En octubre de 1974, una joven de Avranches, en Francia, hacía por pri­mera vez los votos en la comunidad de la Madre Teresa; otras varias la han seguido. Veamos lo que dijo aquella Hermana joven en una entrevista que concedió al periódico local La Manche Libre: «De todo lo que nos dan, sólo guardamos lo mínimo para nosotras a fin de dejar todo lo posible para los pobres. Aprovechamos lo que los demás tiran. Personalmente, no posee­mos absolutamente nada, excepto dos saris de algodón de rayas azules, uno puesto y otro para cambiarnos. Tenemos un dormitorio común y come­mos lo mismo que los pobres, alimentación rica en féculas, pero muy pobre en lo demás. En Londres, donde hemos abierto uno de nuestros tres novi­ciados, nuestras Hermanas, indias y europeas mezcladas, viven como los pobres, sin calefacción; sólo una habitación de la casa la tiene».

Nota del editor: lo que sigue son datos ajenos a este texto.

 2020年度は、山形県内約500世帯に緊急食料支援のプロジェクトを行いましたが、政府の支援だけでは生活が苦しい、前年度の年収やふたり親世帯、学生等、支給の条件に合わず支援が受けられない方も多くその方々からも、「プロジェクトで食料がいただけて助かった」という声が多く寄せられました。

Esto es de actualidad, del año 1975, vivido por jóvenes. Pero es también el programa propuesto por san Vicente a sus hijas. Admiré­moslo y digámonos que el Señor puede multiplicar los mismos llama­mientos, y dejémonos interpelar por ello humildemente. Reconozcamos que hemos suavizado la rigurosidad de las exigencias primitivas de nuestros Fundadores. San Vicente nos había prevenido: «Desear lo que a uno le gusta, desearlo ardientemente, exigirlo e impacientarse si no se le concede a uno enseguida, sentir mucho que se lo nieguen, mirad, todo eso va contra la santa pobreza… La pobreza pide una renuncia de todos los bienes y comodidades. En fin, consiste en no desear nada más que a Dios».4 Cuando se es Hija de la Caridad, se practica una cierta manera de contentarse con poco, de no dejar ver lo que nos falta, de no granjearse regalos; en una palabra, una cierta ascesis de consumo que nos asemeje a los pobres, en verdad y amor. Tratemos seriamente con verdad y con amor de volver a la pobreza.

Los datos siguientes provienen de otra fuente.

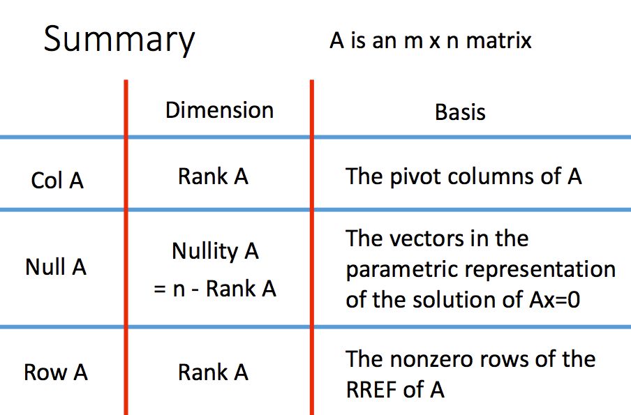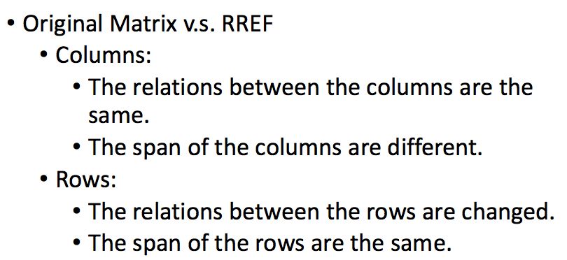也就是说,初等行变换不改变矩阵中列之间的关系。加入A的简约行阶梯形式是R,那么Ax=0和Rx=0有相同的解集。

La vitalidad espiritual de una comunidad radica ante todo, en el impulso personal y comunitario para reencontrar auténticamente a los Fundadores, impulso que se traduce obligatoriamente en un cambio de vida. No tengamos miedo a comprometernos en el camino de la verdad. Luchemos contra una anemia espiritual que, poco a poco, va borrando en nosotras los rasgos del verdadero rostro de la Compañía.

«La comunidad de vida establece entre las Hermanas una coparti­cipación que abarca desde las condiciones materiales de la existencia hasta los compromisos espirituales y apostólicos».5

Podríamos añadir este otro pasaje de las Constituciones: «La pobre­za esencial es la del corazón. Permite aceptar con paz las contradiccio­nes y fracasos, las limitaciones propias y ajenas. La pobreza del cora­zón, que es acogida hecha al espíritu, abre al amor de todos».6 De modo que las exigencias de nuestra vida fraterna en común nos proporciona ocasiones de practicar la pobreza.

Querría destacar algunas:

  • En primer lugar, el hecho de no escoger a nuestras compañeras. Nos adherimos a este ensamblaje hecho por Dios, con su amor como vínculo de unión. No escoger entrar en un grupo, y asumir en la fe todas sus riquezas y deficiencias es ya hacer un acto de pobreza.
  • · Vivir la pobreza en esa comunidad en que Dios nos ha colocado es aceptar también, buscarle juntas, caminar juntas hacia Él, trabajar juntas en la Misión, con medios tan pobres como nuestras propias personas. En definitiva, es Él quien actúa en las obras.
  • Esta comunidad de vida fraterna, a través de su proyecto comuni­tario, puede centrar sus intercambios y retiros mensuales en el tema de la pobreza, partiendo de la vida actual y apoyándose sobre el Evange­lio y profundizando en la doctrina de san Vicente.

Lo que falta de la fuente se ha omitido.